Teams that have put effort into determining why new software is needed and how to execute it on a budget sometimes feel as if a detailed plan for project management is unnecessary. Yet forgoing good project management and planning can cost more in the long run, Ben Aston at The Digital Project Manager writes.

When the planning and project management phases involve everyone working on the project — with a shared focus on planning, budget estimates and other details — the project itself can proceed much more smoothly, Toby Osbourn at Textexpander writes.

Good planning makes for better software, regardless of the goal or the means for achieving it. “Not all projects are the same, and not all specifications are the same,” writes Nate McGuire at Mayven Studios. “However in all cases, the goal is clarity around features and setting expectations on what the final project will be.”

This clarity helps create a unified vision everyone can understand, whatever their individual expertise in software development. Proper planning and project management “unites clients and teams, creates a vision for a successful project and gets everyone on the same page of what’s needed to stay on track for success,” says Aston.

The results last far longer than the project itself.



Map the Terrain, Then Plan a Route

It’s easiest to avoid getting lost when you have both an accurate map of the terrain ahead and a clear route to navigate it.
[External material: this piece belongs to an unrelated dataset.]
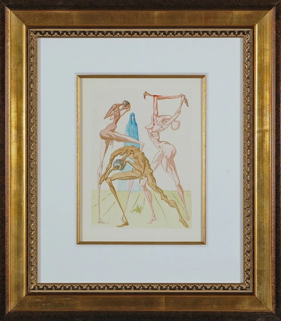 Dalí distills the essence of Canto 15 into a moment of solemn encounter—a vision where suffering is borne with grace, where dignity survives within punishment, and where the Inferno reveals a rare quietness amid its violence. It is a scene shaped by heat and restraint, capturing the haunting balance between endurance and sorrow at the heart of this canto.

The same is true when building software. Teams can best stay on track when they understand the goal to be achieved and the methods for reaching that goal.

One of the most important reasons to plan well in advance of launching a new software project is because planning reduces risk and clarifies the work among team members. “Project management is important because it ensures what is being delivered, is right, and will deliver real value against the business opportunity,” says Aston.

A strong planning stage will focus on an end goal, allowing the team to examine potential challenges and opportunities through the launch of the finished software. By including the release of the software as part of the software development plan, the team gains the opportunity to identify efficiencies.

“When you manage a release effectively, it helps you gain a better understanding of the tasks and goals associated with each stage of the process,” writes Will Lam at Taplytics.

When planning a new software build through its envisioned launch, the team must focus not only on software release as a goal, but also on the purposes that release is intended to serve. By identifying the problem and envisioning its solution, a fintech company can ensure it builds software that helps meet its business goals.

“Implement a new software system for the right reasons, and not because everyone in your industry has started using this shiny new software. What works for them may not work for you,” cautions technology journalist Maricel Rivera.

Software builds are the result of many people working in concert. By understanding the most common challenges in a software build’s lifecycle, making a plan, and setting clear goals and expectations, financial companies ensure that the software they build enhances their core missions.